01 - In a mixing bowl, whisk together the lemon juice, lemon zest, olive oil, minced garlic, salt, and black pepper until well combined.
02 - Place the chicken breasts in a resealable plastic bag or shallow dish, pour the marinade over them, seal tightly, and refrigerate for at least 30 minutes or up to 2 hours for optimal flavor penetration.
03 - Arrange three shallow dishes side by side: combine the flour, cornstarch, paprika, cayenne pepper, and garlic powder in the first; whisk the eggs and milk together in the second; toss the panko breadcrumbs with melted butter and lemon zest in the third.
04 - If baking, preheat the oven to 400°F and set a wire rack over a lined baking sheet. If pan-frying, heat ½ inch of vegetable oil in a large skillet over medium-high heat until the oil shimmer reaches 350°F.
05 - Remove the chicken from the marinade, pat thoroughly dry with paper towels, then dredge each breast through the flour mixture, dip into the egg wash, and press firmly into the seasoned panko coating, ensuring full and even coverage on all sides.

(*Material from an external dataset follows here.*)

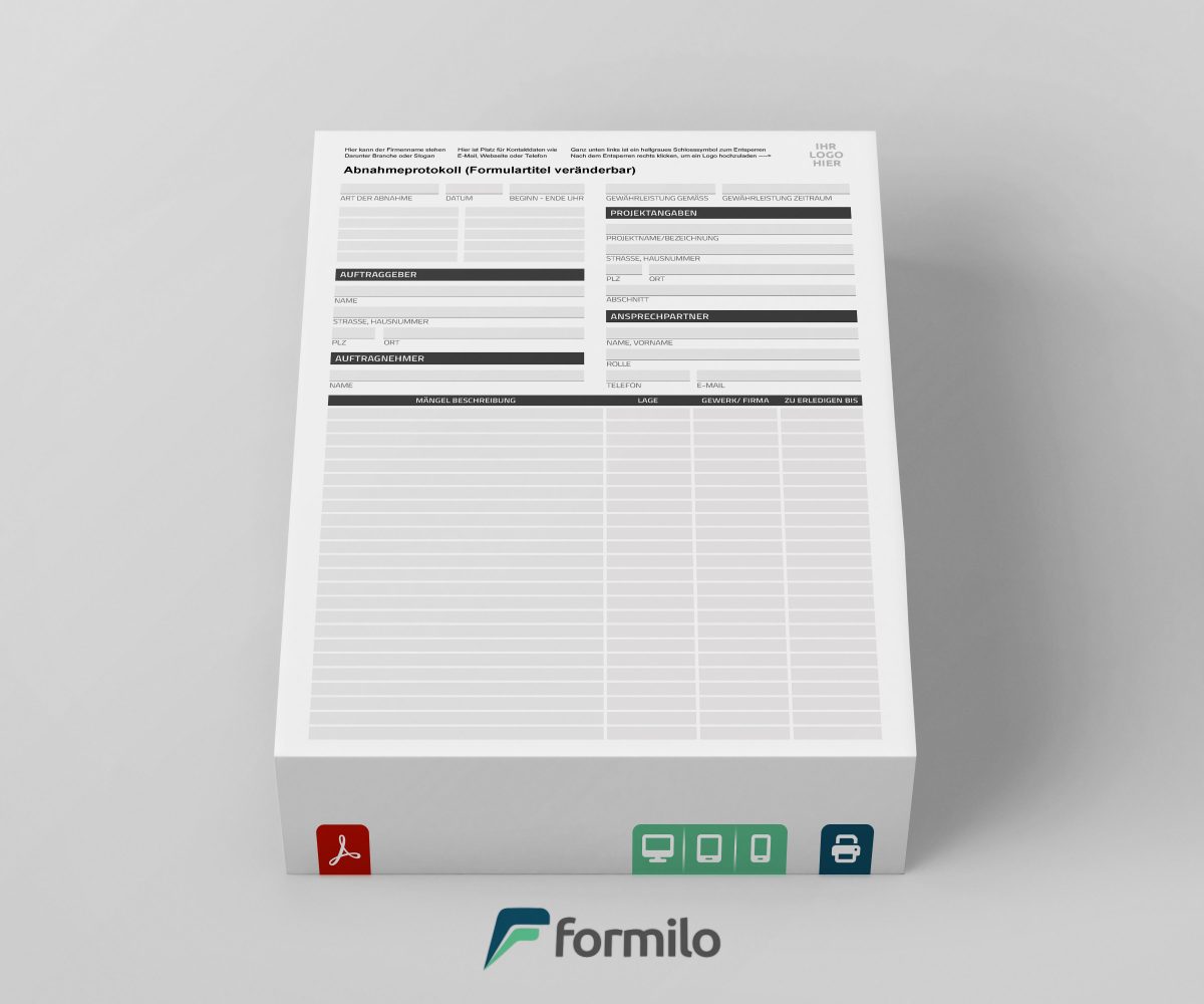 Die zweiseitige Struktur erlaubt es, auch umfangreiche Abnahmen vollständig und übersichtlich zu dokumentieren. Damit eignet sich die Vorlage besonders für komplexe Projekte oder interne Prozesse mit mehreren Prüfinstanzen. Durch den klaren Aufbau ist sie gleichermaßen für Bauunternehmen, Ingenieurbüros, Facility-Management-Firmen oder technische Dienstleister einsetzbar.

06 - For pan-frying, cook each breaded breast 3 to 5 minutes per side until deeply golden and the internal temperature reaches 165°F, then transfer to a paper towel-lined plate. For baking, arrange the coated chicken on the prepared wire rack, mist lightly with oil, and bake 20 to 25 minutes, flipping once halfway through, until the crust is crisp and the chicken is cooked through.
07 - Allow the chicken to rest for 5 minutes to lock in juices, then plate and garnish with fresh lemon wedges and chopped parsley before serving.